# Great ad (I know what I have)



## Hawthornecrazy (Jan 9, 2020)

Bicycle
					

I know what I have, do you? Make offer



					fortsmith.craigslist.org


----------



## catfish (Jan 9, 2020)

The Best of CL.....


----------



## SteveF (Jan 9, 2020)

It looks to me like he's got a sad little Murray made middleweight that will be a tough sell.


----------



## bikewhorder (Jan 9, 2020)

I guess knowing what you have doesn't necessarily have to mean you know you have something valuable.
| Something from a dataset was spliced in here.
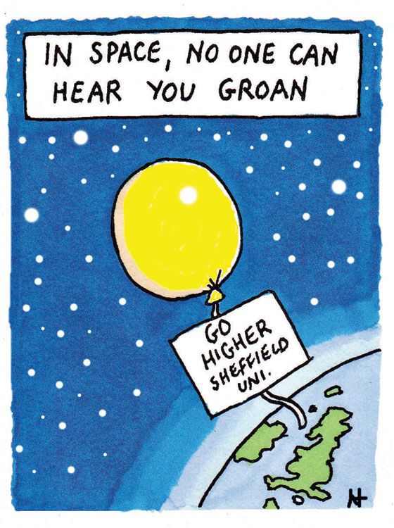 - In an excruciating press release headed “Advertising space: the final frontier”, the University of Sheffield said on 5 August that it had “sent a billboard into space advertising its ‘Go Higher’ campaign aimed at attracting high quality Ucas applications from students during this year’s clearing process”. An accompanying video shows a laminated “Go Higher” card attached to a balloon rising above green fields and into the dark stratosphere. “We have launched hundreds of thousands of people into the academic, professional, political and artistic stratosphere over the years and this campaign is a direct appeal to students who have set their sights higher,” said Gavin Douglas, Sheffield’s head of student recruitment, admissions, international relations – and feeble, overextended puns.
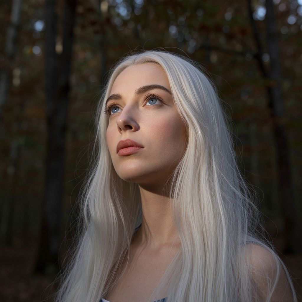 Imagine a portrait photograph exuding an air of mystery, featuring a Middle Eastern woman with striking blue eyes and platinum hair falling gracefully down her back. Captured from a unique low-angle perspective, she gazes pensively into the distance as soft morning light illuminates her fair skin, casting gentle shadows across her high cheekbones and full lips. The dense forest backdrop, tinged with subtle autumnal hues, frames this scene of tranquility and introspection, highlighting her ethereal beauty and enigmatic aura.

I'm going to say "I know what I have" to the guy reading the scale at the scrap yard next time I drop off some bikes.


----------



## Jay81 (Jan 10, 2020)

Looks like yard art or scrap metal to me.
They probably looked up the Liberty badge and thinks it's a prewar Schwinn or something.


----------



## Freqman1 (Jan 10, 2020)

"Yes I do know what you have and it probably isn't what you think it is (poopy emoji)"


----------



## bricycle (Jan 10, 2020)

Don't play poker with this one... he knows how to bluff!


----------



## Jeff54 (Jan 10, 2020)

He thinks he has a Chicago  'made' Schwinn liberty. B/C, ya see and don't U no? All rusted  cantilever frames, made in Chicago or not,  are $chwinn! So don't try and fool him eh, no $ir!.


----------



## 1motime (Jan 10, 2020)

He got what he got and he got it good!


----------



## kreika (Jan 10, 2020)

Could be a decent beach cruiser. The $5 buck variety.


----------



## Boris (Jan 10, 2020)

Handlebars look OK.


----------



## Frank and Pam Skid Kings (Jan 10, 2020)

I know people....


----------



## Alan Brase (Jan 11, 2020)

That and a dime will get you a cup of coffee. Woops, coffee is now $2, I see.


----------



## razinhellcustomz (Jan 28, 2020)

SteveF said:


> It looks to me like he's got a sad little Murray made middleweight that will be a tough sell.



$20.00 bike all day. All in.


----------



## FSH (Feb 3, 2020)

"I have to see a man about a thing...youz know"


----------



## 1motime (Feb 3, 2020)

Still available for the right buyer..........


----------